Data provided:
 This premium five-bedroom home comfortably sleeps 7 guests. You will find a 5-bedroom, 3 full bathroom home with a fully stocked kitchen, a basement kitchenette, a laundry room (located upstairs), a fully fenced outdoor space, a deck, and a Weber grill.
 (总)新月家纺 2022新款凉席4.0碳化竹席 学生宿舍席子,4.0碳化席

--

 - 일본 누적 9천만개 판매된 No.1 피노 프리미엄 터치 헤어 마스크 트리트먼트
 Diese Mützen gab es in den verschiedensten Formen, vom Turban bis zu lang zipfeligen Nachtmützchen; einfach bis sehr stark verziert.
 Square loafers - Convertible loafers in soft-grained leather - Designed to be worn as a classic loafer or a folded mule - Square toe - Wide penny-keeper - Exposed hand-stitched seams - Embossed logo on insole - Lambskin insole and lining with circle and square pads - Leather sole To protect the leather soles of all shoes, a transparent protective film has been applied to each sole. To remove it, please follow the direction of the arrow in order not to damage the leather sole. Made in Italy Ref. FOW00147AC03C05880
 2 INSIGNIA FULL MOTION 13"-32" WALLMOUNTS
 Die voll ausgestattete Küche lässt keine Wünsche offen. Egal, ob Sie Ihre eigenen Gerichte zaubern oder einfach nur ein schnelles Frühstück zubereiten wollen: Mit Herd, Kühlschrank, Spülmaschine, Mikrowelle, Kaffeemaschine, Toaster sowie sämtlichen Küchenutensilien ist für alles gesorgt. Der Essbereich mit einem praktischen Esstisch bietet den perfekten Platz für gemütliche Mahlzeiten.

Your instructions: Please give an exact copy of the entries above, from the line with "- 일본 누적 9천만개" down to the line with "Diese Mützen gab", inclusive, and nothing else.

Response area:
 - 일본 누적 9천만개 판매된 No.1 피노 프리미엄 터치 헤어 마스크 트리트먼트
 Diese Mützen gab es in den verschiedensten Formen, vom Turban bis zu lang zipfeligen Nachtmützchen; einfach bis sehr stark verziert.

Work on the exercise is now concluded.